I don't think the matrix algorithm is linear, in other words I don't think fib(40) takes exactly twice as long to compute as fib(20). I think it's faster than linear, because it converts the multiplications to exponentiation and then takes advantage of composeability such that fib(40) should require on the order of one more operation than fib(20).

I think that means it's order log 2 n, but perhaps you HN folks can correct my poor math skills.

The site is down now, but from looking at wikipedia, you are probably right. (Sorry, I just glanced at the way they were using the matrix before, and assumed they did n matrix multiplies to calculate fib(n)) I think you are also right about the complexity, though people would usually just write log(n) since log(a*b)=log(a)+log(b).

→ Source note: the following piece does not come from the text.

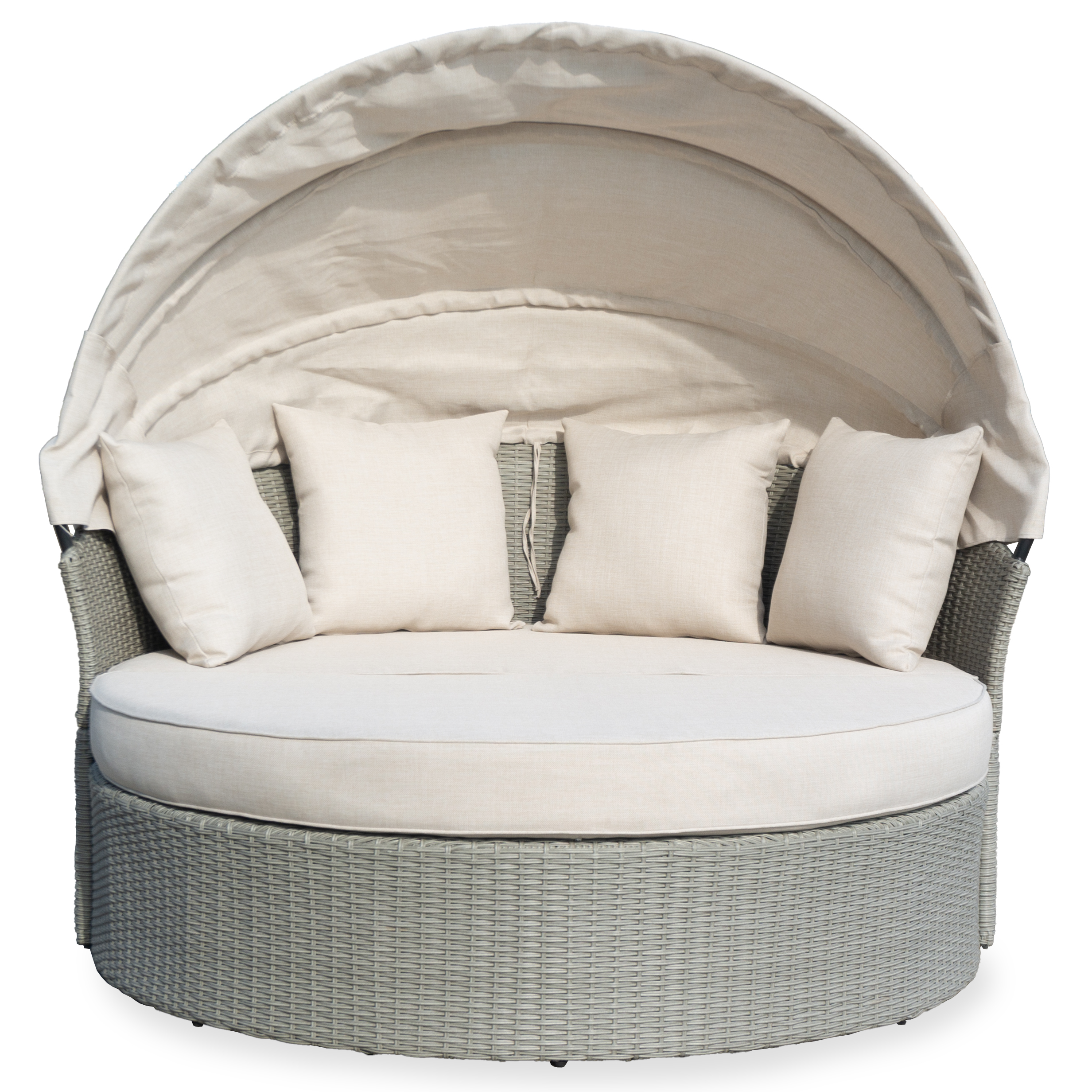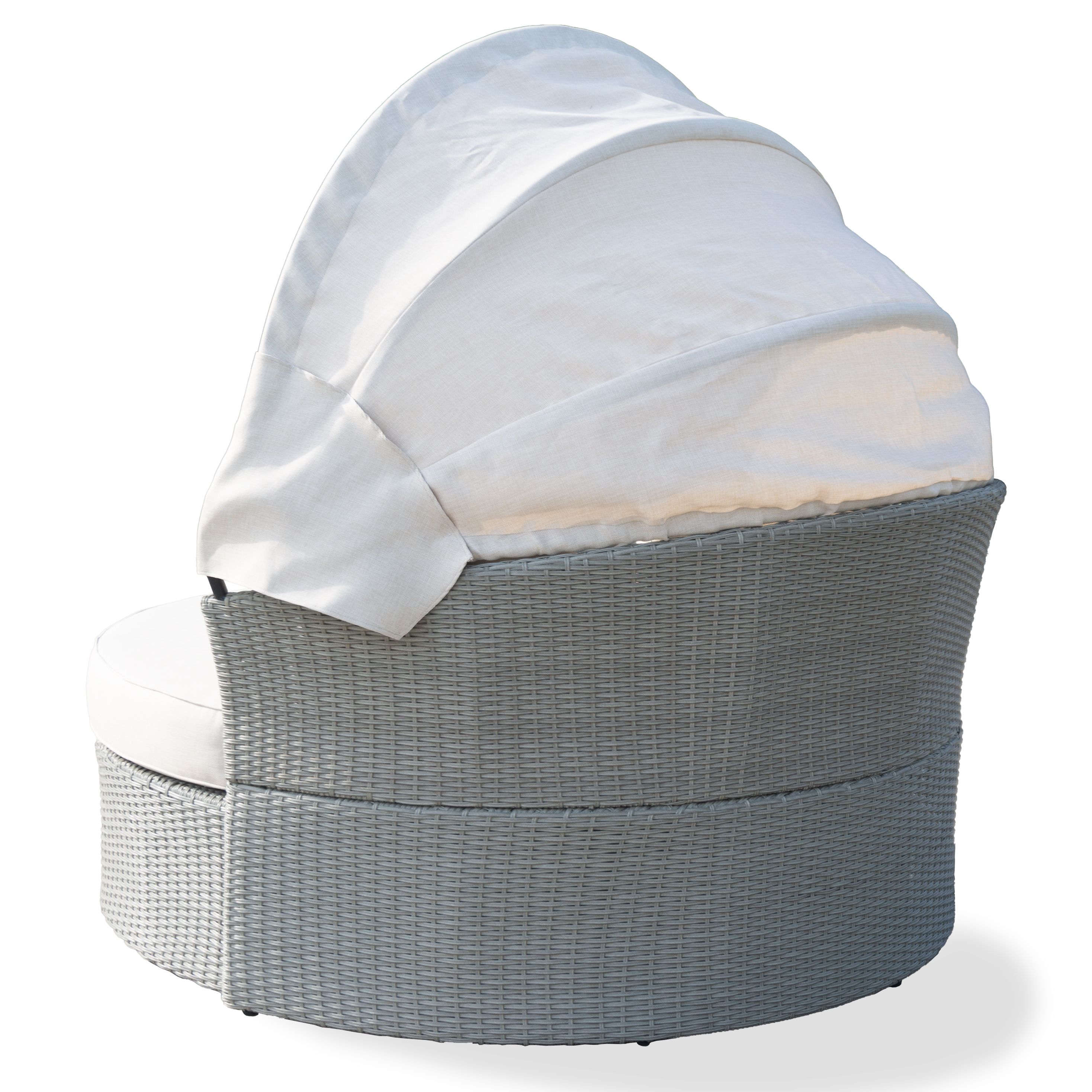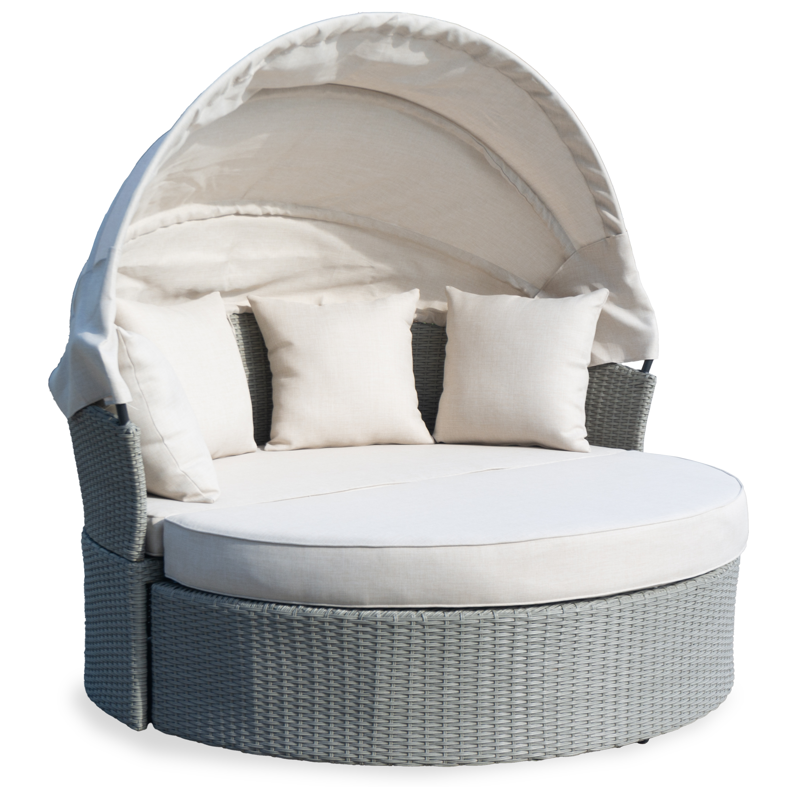 La structure est en rotin industriel de haute qualité, qui se caractérise par une grande stabilité et une grande élasticité. Le matériau est hydrofuge, résistant aux intempéries et durable, ce qui rend l'îlot de soleil idéal pour une utilisation en extérieur tout au long de l'année. La couleur grise intemporelle souligne le look moderne et peut être combinée de nombreuses façons.

Sorry, I didn't mean log (2n), I meant (log sub 2) n. Or in other words, the computation times is proportional to the number of binary bits in n.

The algorithm is remarkably simple. Given that fib(40) can be extracted from:

           40
    [ 1 1 ]
    [ 1 0 ]

The simplest implementation, as you surmise, is to do 40 matrix multiplications. I don't think that part is dynamic. the dynamic part comes in observing that n^40 = (n^20)^2. This can be followed downward recursively: n^20 = (n^10)^2, n^10 = (n^5)^2, n^5 = (n^2)^2 * n and n^2 = n * n.

So... The actual matrix multiplication is much slower than a simple bignum multiplication, but there are only six such operations to perform.